On Aug 13, 2013, at 6:15 PM, Joan Touzet wrote:
> On Tue, Aug 13, 2013 at 02:49:28PM -0500, Nathan Vander Wilt wrote:
>> I've got 1.7GB disk free and 2GB of memory available at the moment, so it
>> doesn't seem to be either of those. (I could not find any out-of-memory
>> process kill logs in /var/log/syslog.) The only clue I can find is in
>> couchdb.stderr:
>> heart_beat_kill_pid = 1390
>> heart_beat_timeout = 11
>> heart: Tue Aug 13 18:34:21 2013: heart-beat time-out, no activity for 15
>> seconds
>> Killed
>
> So 15s of system clock time passed without erlang's heart receiving a
> ping back. There's a number of possibilities; for instance, if this is a
> VM and the clock was advanced/changed by 15s to synchronize with the
> main system, heart might see that and issue a kill command. Another
> could be extremely heavy load on the system forcing the second couch
> process to get swapped out.
>
> Three suggestions:
>
> 1. set RESPAWN_TIMEOUT to a non-zero value to force couch to restart
> after a kill. Because of its crash-only design this is safe, and
> since restarts are rare you're liable to not really be running
> into serious issues.
> 2. Crank up logging to debug level to see what might be going on
> when the heartbeat fails to respond.
> 3. Add some additional system monitoring to ensure that you're not
> overloading your system on CPU, RAM, I/O or network traffic.
> Do you have a lot of views building / heavy system load due to
> couchjs processes?
Thanks for these suggestions, Joan. Unfortunately it seems the server is under
quite the opposite situation though: this is an m1.medium instance used as a
dev server that spends most of its time neglected ("System load: 0.0", "Memory
usage: 18%") — mostly just the two CouchDB daemons each getting a half dozen
already-caught-up replications triggered every 10 minutes, and one node.js
server sitting waiting for someone to log in.
It looks like I am already using RESPAWN_TIMEOUT via the -r command line
option.
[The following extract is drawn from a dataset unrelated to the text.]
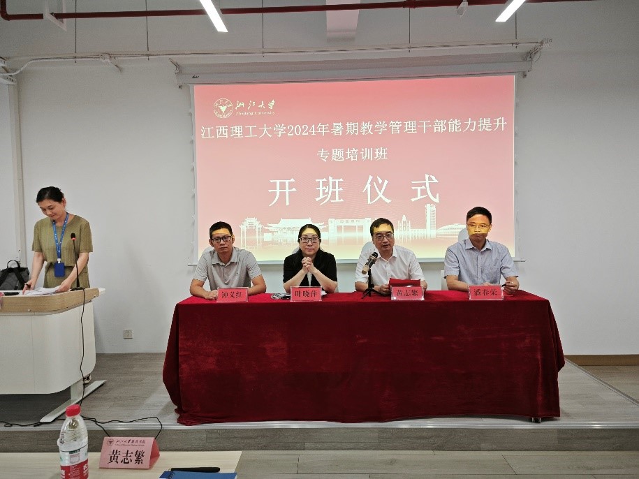 2024年暑期教学管理干部能力提升专题培训班在浙江大学紫金港校区开班。校党委常委、副校长黄志繁,教务处处长潘春荣,督查与评估处处长钟义红,浙江大学教育学院党委书记叶晓萍出席开班仪式。

That's why I was surprised the server stayed down for the hour or so it
took for us to notice.
I'm guessing that to crank up logging I need to set _config/log/level to the
string "debug", and I will try that if this problem keeps reoccurring. I'm
hesitant to simply set it now, as I already know that running out of disk space
has also caused CouchDB to fail to respawn ;-)
thx,
-nvw